* [Data to use]
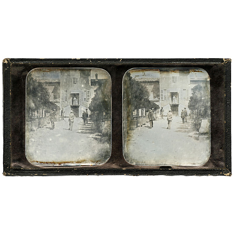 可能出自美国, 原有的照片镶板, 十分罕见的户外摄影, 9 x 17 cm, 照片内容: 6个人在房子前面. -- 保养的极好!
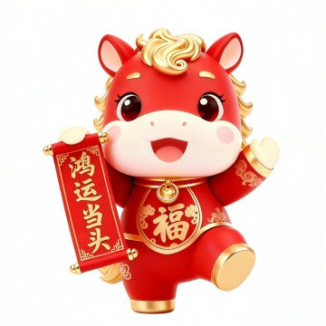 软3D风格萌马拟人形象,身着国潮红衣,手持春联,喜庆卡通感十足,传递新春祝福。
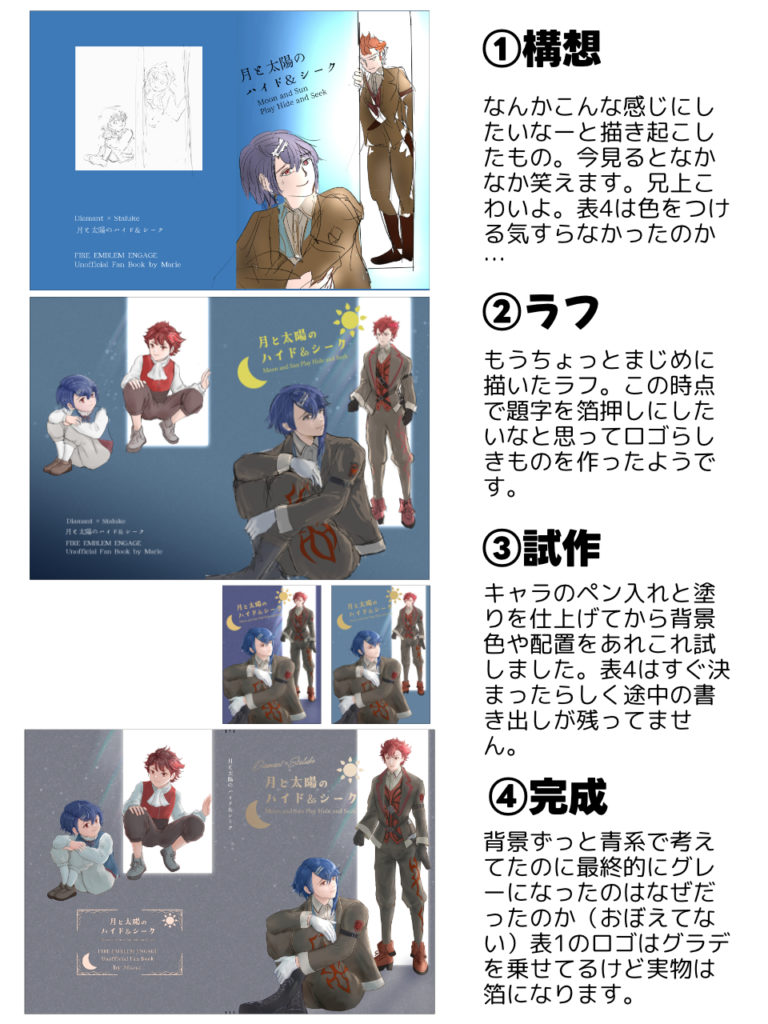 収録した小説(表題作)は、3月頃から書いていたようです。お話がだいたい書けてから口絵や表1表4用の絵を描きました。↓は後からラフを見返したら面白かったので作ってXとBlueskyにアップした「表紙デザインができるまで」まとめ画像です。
==
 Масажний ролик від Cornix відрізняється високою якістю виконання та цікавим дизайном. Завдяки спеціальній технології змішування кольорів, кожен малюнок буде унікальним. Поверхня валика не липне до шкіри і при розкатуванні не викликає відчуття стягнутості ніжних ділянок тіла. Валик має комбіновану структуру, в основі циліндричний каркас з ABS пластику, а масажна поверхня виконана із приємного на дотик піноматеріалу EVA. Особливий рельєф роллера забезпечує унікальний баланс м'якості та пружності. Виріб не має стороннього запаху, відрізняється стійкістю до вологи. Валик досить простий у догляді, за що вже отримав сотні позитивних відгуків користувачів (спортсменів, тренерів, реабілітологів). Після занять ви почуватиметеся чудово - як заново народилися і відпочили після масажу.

* [Your goal]
Your copy should hold only the lines above from the one containing "可能出自美国, 原有的照片镶板, 十分罕见的户外摄影, 9" through the one containing "収録した小説(表題作)は、3", exactly as written and free of pictures.

* [Answer box]
 可能出自美国, 原有的照片镶板, 十分罕见的户外摄影, 9 x 17 cm, 照片内容: 6个人在房子前面. -- 保养的极好!
 软3D风格萌马拟人形象,身着国潮红衣,手持春联,喜庆卡通感十足,传递新春祝福。
 収録した小説(表題作)は、3月頃から書いていたようです。お話がだいたい書けてから口絵や表1表4用の絵を描きました。↓は後からラフを見返したら面白かったので作ってXとBlueskyにアップした「表紙デザインができるまで」まとめ画像です。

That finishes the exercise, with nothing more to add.